# Reserves with a full time job.



## Migmonkey (11 Feb 2017)

Hi guys.

I'm looking at the reserves for either infantry, armour,engineer or anything else really.
I'm not particularly picky about the trade.

My biggest hurdle is my job/career that I do not wish to give up; apprentice ICI electrician-309A. I have 3000 hours under my belt.
I have a set schedule of Monday to Thursday 630-1530; 36 hours a week.

Unless there is a layoff I do not think I can get the summer off to train. Would this be a big red flag during the application?

Regards,
Oleg.


----------



## mariomike (11 Feb 2017)

Migmonkey said:
			
		

> Unless there is a layoff I do not think I can get the summer off to train. Would this be a big red flag during the application?



Tell Recruiting and see what they say. Week-end BMQ may be available. You will also have to find time for trade training etc.


----------



## RocketRichard (11 Feb 2017)

mariomike said:
			
		

> Tell Recruiting and see what they say. Week-end BMQ may be available. You will also have to find time for trade training etc.


Not being able to do any summer training would be an issue. 


Sent from my iPhone using Tapatalk


----------



## mariomike (11 Feb 2017)

RocketRichard said:
			
		

> Not being able to do any summer training would be an issue.





			
				mariomike said:
			
		

> Tell Recruiting and see what they say.


----------



## runormal (11 Feb 2017)

Depends on your trade.  I was just talking to some infanteers and evidently there is a weekend dp1 for infantry going on right now.. whether or not that's an option for you is another thing.

Be open with your recruiters as they might be able to get you on a reg-f course not during the summer. They also might entertain keeping around a no hook private until you can get your time off for course. This will vary unit to unit.

I've heard that the reserves is looking to get more stuff on the weekends, but whether or not that actually happens is anyone's guess. 

As a reservist with a full time job, my career is more or less stopped until a weekend Plq happens. However I know other employers who are extremely accommodating.

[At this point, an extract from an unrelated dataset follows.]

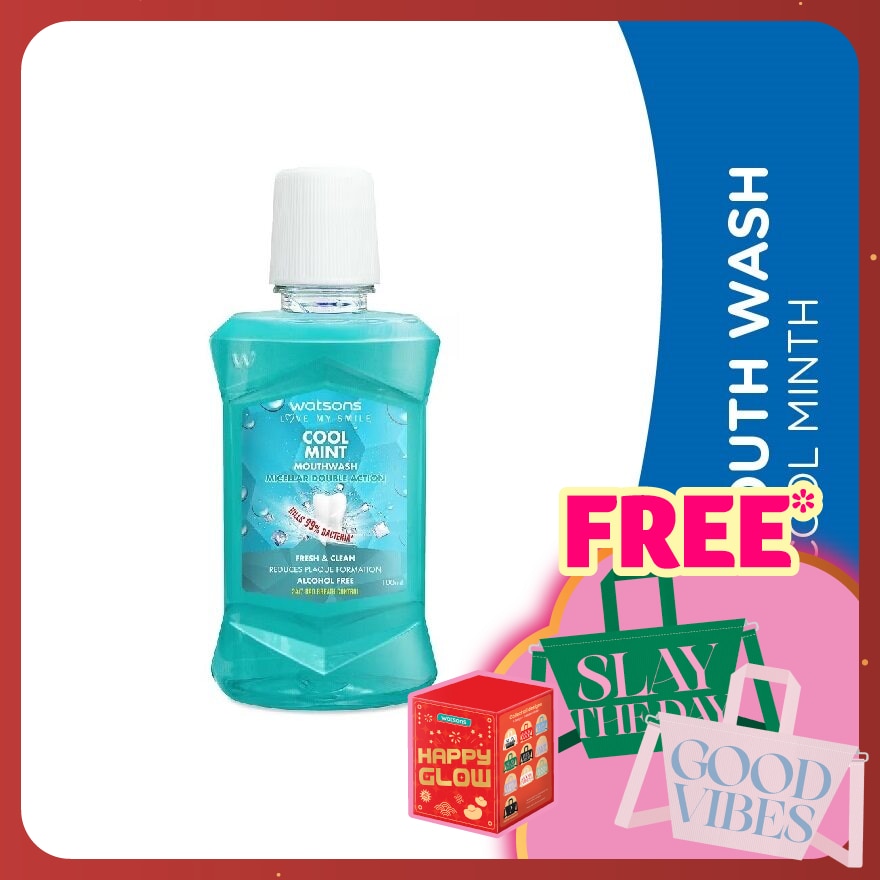Promote a reduced usage of virgin materials by using recycled content instead The bottle is made with 50% recycled plastic. Watsons Cool Mint Mouthwash contains Sodium Fluoride to help prevent cavities. This alcohol-free formula is specially designed to work gently on gums. Its mint flavor helps freshen your breath and leaves your mouthfeeling cool and clean.

The thing to consider is once you try you might find that it isn't for you.


----------



## Migmonkey (11 Feb 2017)

Ill talk to the recruiter Monday.

The union seems to be pretty military friendly, so they might be able to work something out.


----------



## mariomike (11 Feb 2017)

Migmonkey said:
			
		

> The union seems to be pretty military friendly, so they might be able to work something out.



You can check your collective agreement to see if they negotiated a ( paid ) Military Leave Policy. 

Or, you may be able to request an unpaid Leave no Pay ( LNP ) for military training.


----------



## Brasidas (11 Feb 2017)

mariomike said:
			
		

> Tell Recruiting and see what they say. Week-end BMQ may be available. You will also have to find time for trade training etc.



I would approach the individual reserve units in the area, who should have unit-level recruiters to handle communications.

Look into trades that they employ and the training timelines that they have. You're unlikely to find a trade that doesn't have courses requiring full-time training, but you may find some that work better for you.

For instance, I believe that the engineers have a heavily-modularized training package. Depending upon the unit's patience and interest in working with you, you might be able to find a trade-off between continuous stretches of time off and getting your training done in a timely fashion.


----------



## mariomike (11 Feb 2017)

Brasidas said:
			
		

> I would approach the individual reserve units in the area, who should have unit-level recruiters to handle communications.



That seems to be the conventional advice with this applicant, and any others who may have scheduling conflicts,

"Tell Recruiting and see what they say."


----------